How do you turn a city into a biking city? There are shared bike programs, of course. There are slightly off-the-wall initiatives like Copenhagenize Flow that let cities try out modular, tiled bike lanes. But what about revamping the off-the-bike experience, and adding shelves to bike racks, for setting down bags and locks?
Yves Béhar says about half of the staff at his San Francisco Fuseproject office rides a bike to work. When the design firm recently partnered with Landscape Forms to create a line of sustainable outdoor furniture, shelves for bike racks was one of the features the firm decided to build into the new MultipliCITY line. "We wanted to create things that were more responsive to the way people ride bikes today. For instance, they have more luggage when they go to work than for a ride in the park," Béhar says. The new system is "acknowledging the fact that people are biking to work with bags with computers in them."
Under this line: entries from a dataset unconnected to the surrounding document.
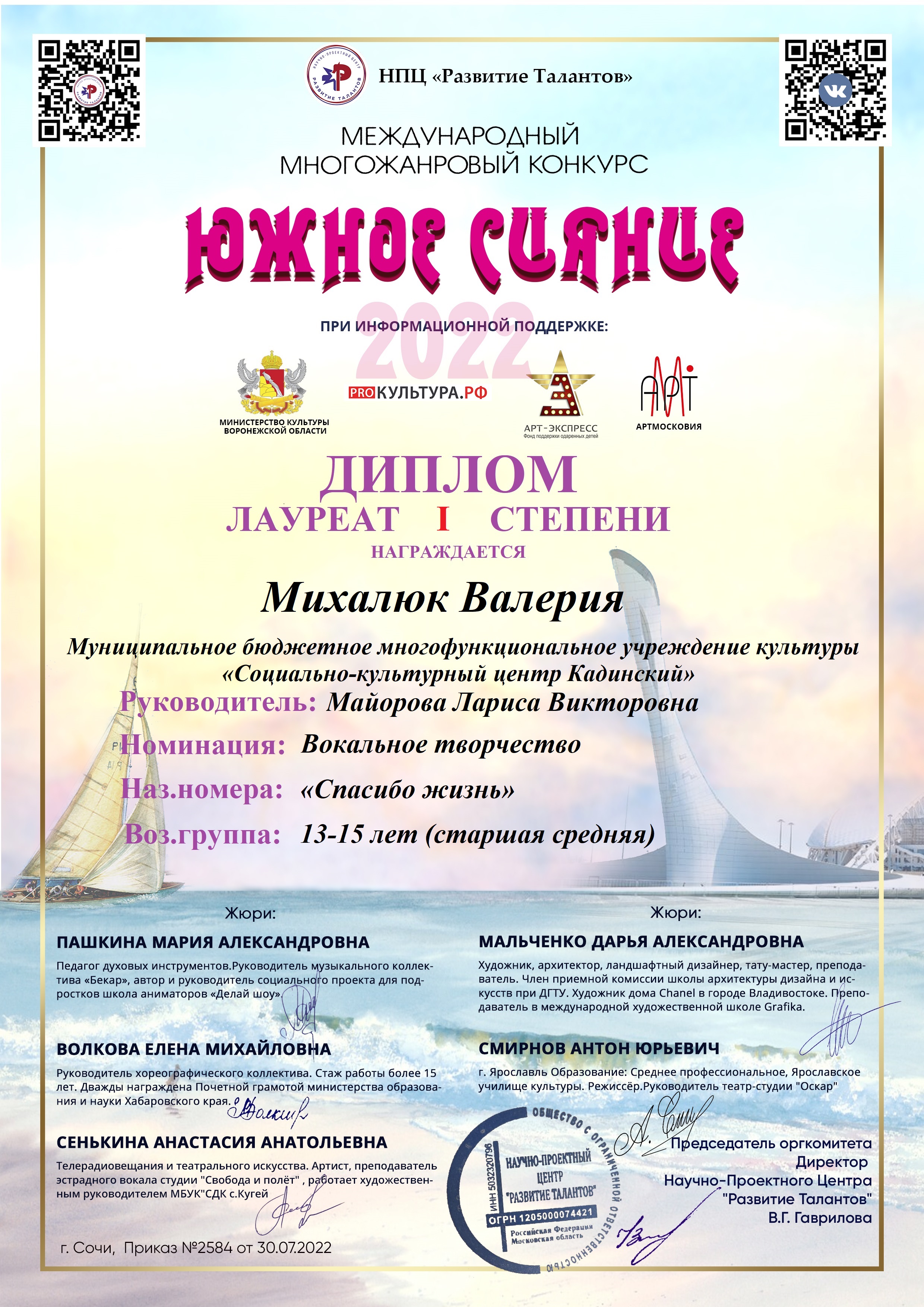 - МИХАЛЮК ВАЛЕРИЯ (руководитель Заслуженный работник культуры РФ Майорова Л.В) - Лауреат 1 степени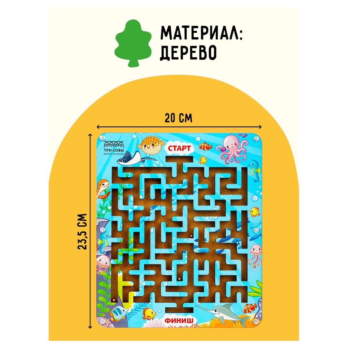 —Настольная игра: ТРИ СОВЫ "Лабиринт большой с шариками. Океан" дерево RE-Н000173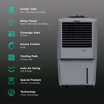 Symphony HiFlo 27 Litres Room Air Cooler with i-Pure Technology (Cool Flow Dispenser, Grey) 3 (11 Ratings & 9 Reviews)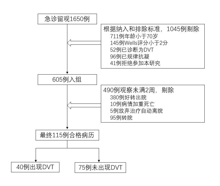 1 资料与方法 1.1 一般资料本研究为前瞻观察性研究, 入选自2018年2月1日至2019年1月31日期间, 北京朝阳医院急诊科办理留观住院的患者, 符合以下条件者为纳入对象。纳入标准:年龄≥70岁; Wells评分为中低危(Wells评分≤2分); 患者连续留观两周时间; 同意参加本次研究者。排除标准:年龄小于70岁; 入院前已经诊断为DVT; 入院前接受规律抗凝者; 拒绝参加本研究者。本研究经医院伦理委员会审批(编号:2020-科-324)。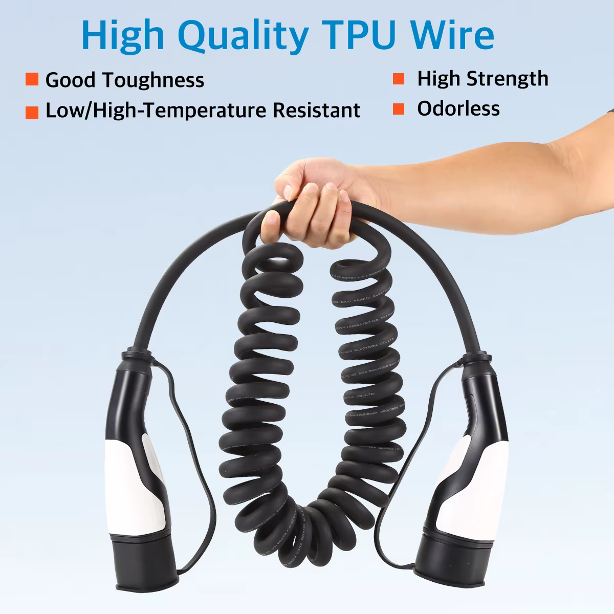 EVcharger4U Type 2 EV Charging Spiral Cable, 5m, single/three-phase, 16A/32A, 7kW/11kW/22kW, IP55, fire-retardant, abrasion and impact resistant, IEC and EN compliant.

This detail, like the rest of the line, both acknowledges and encourages already-growing behavior patterns among urban dwellers. The other MultipliCITY pieces—a bench, a table, and trash and recycling cans—"recognize the fact that we’re working everywhere, not just at home," Béhar tells Co.Design. "It’s been a new trend to have meetings outside, or walking meetings, so the system has the elements to allow for different types of possible interactions."
What makes this possible is the novel design and shipping solution that Béhar and his team developed. Instead of building hulking pieces of furniture, MultipliCITY is a system of flat-packed structures and brackets and screws that can be shipped internationally at a lower cost. Once they’ve made it to their future home—say, an office in Germany, or a new park in Argentina—the landscape architects who ordered the pieces source the horizontal surfaces from local outfits. Then, the pieces can be arranged in the layout that’s best for the site.
The system echoes the design ethos of Fuseproject’s Public Office desk for Herman Miller, which uses modular pieces to allow for impromptu collaborations. MultipliCITY is similarly responsive, Béhar says. "Rather than furniture just dropping in an area, it’s a tool for others to be creative with."